* EXERCISE *
Write out again the lines from the line with "서울 구별 어린이집 개수의" up to and including the line with "Orin Julie (24)", exactly as they stand below, and skip any picture.

* INFORMATION GIVEN *
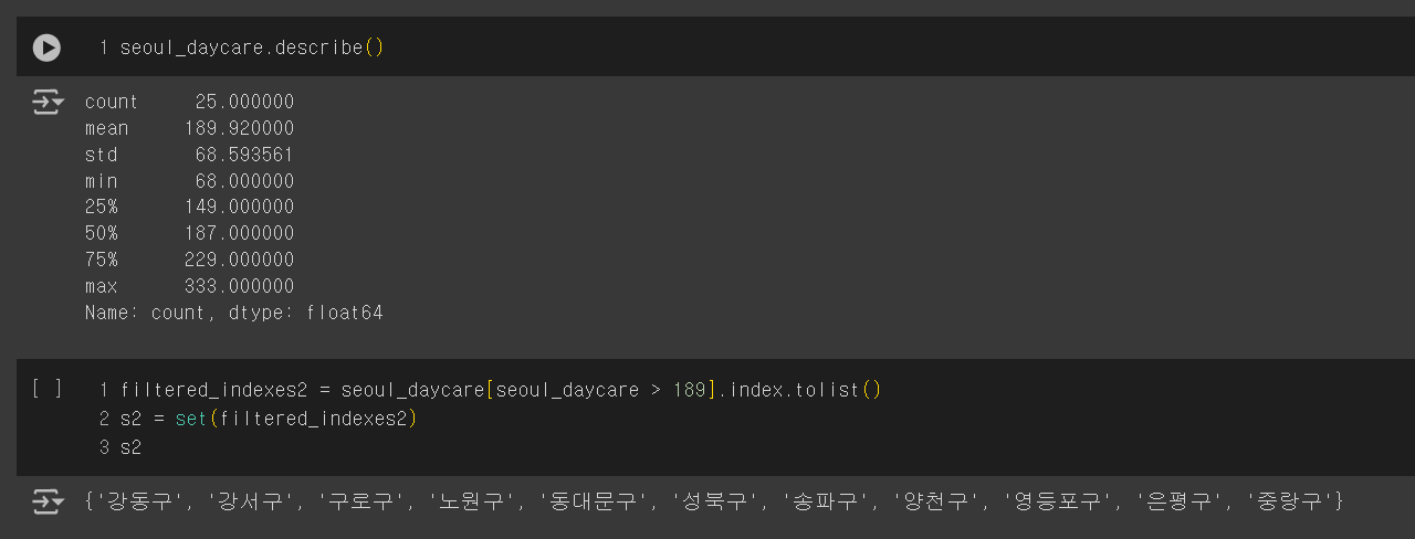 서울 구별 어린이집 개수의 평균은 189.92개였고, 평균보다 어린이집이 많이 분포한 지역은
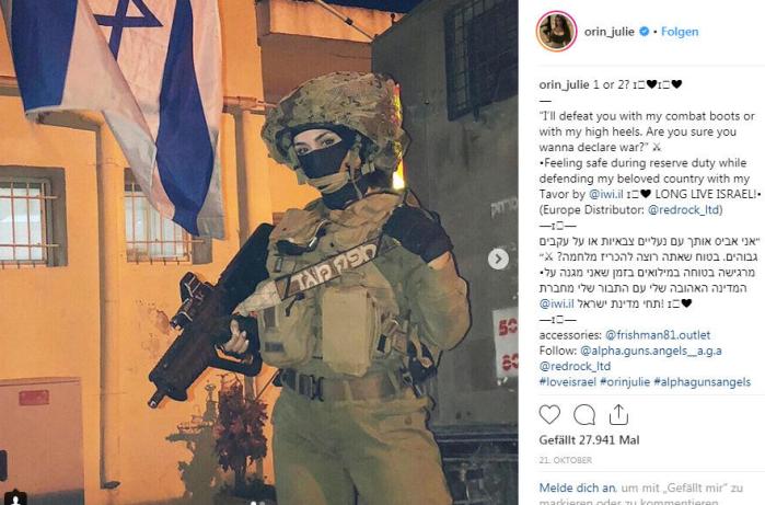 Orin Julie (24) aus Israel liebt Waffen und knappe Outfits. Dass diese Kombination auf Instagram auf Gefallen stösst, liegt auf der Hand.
==
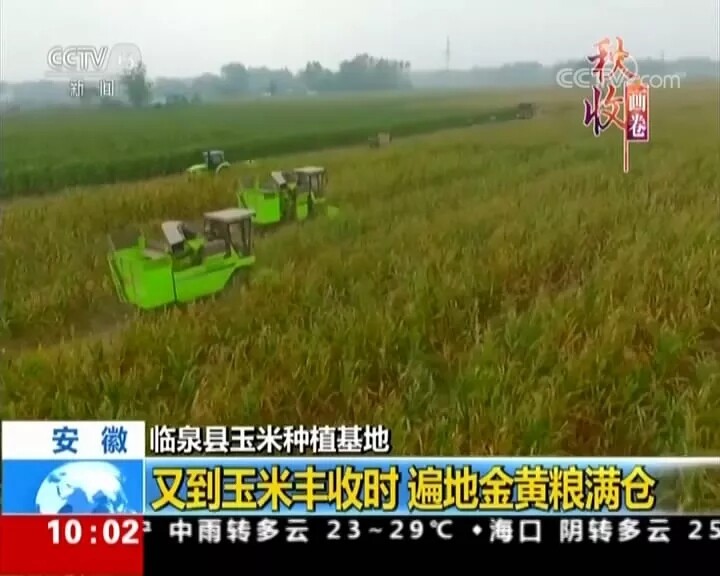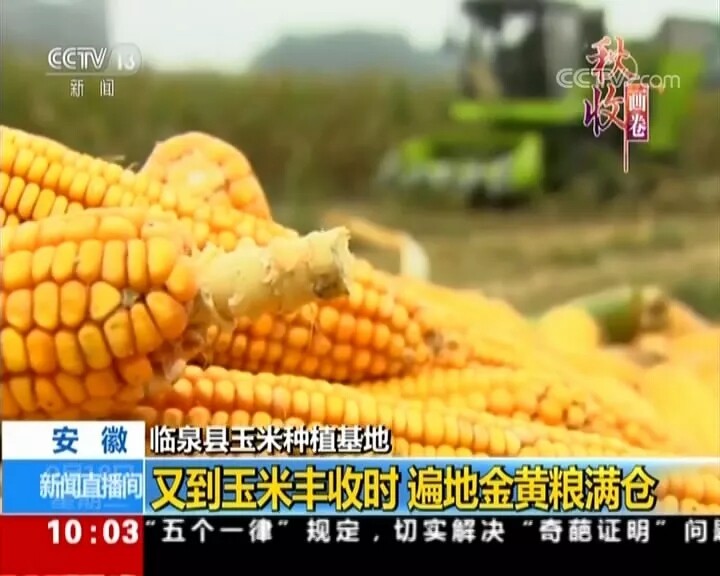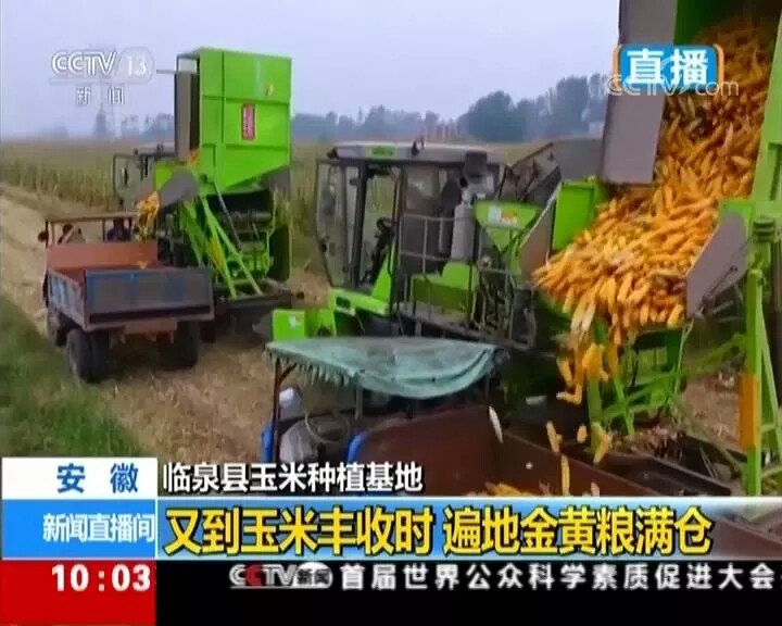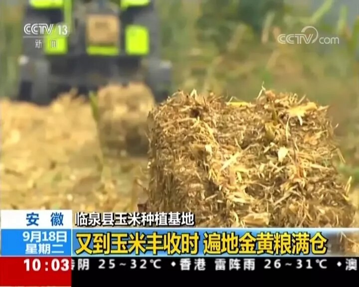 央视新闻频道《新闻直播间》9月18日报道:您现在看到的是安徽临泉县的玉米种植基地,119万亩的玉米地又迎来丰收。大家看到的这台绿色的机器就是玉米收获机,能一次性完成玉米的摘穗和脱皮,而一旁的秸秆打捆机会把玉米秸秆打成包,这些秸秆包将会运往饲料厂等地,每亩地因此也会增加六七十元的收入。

* SOLVED EXERCISE *
 서울 구별 어린이집 개수의 평균은 189.92개였고, 평균보다 어린이집이 많이 분포한 지역은
 Orin Julie (24) aus Israel liebt Waffen und knappe Outfits. Dass diese Kombination auf Instagram auf Gefallen stösst, liegt auf der Hand.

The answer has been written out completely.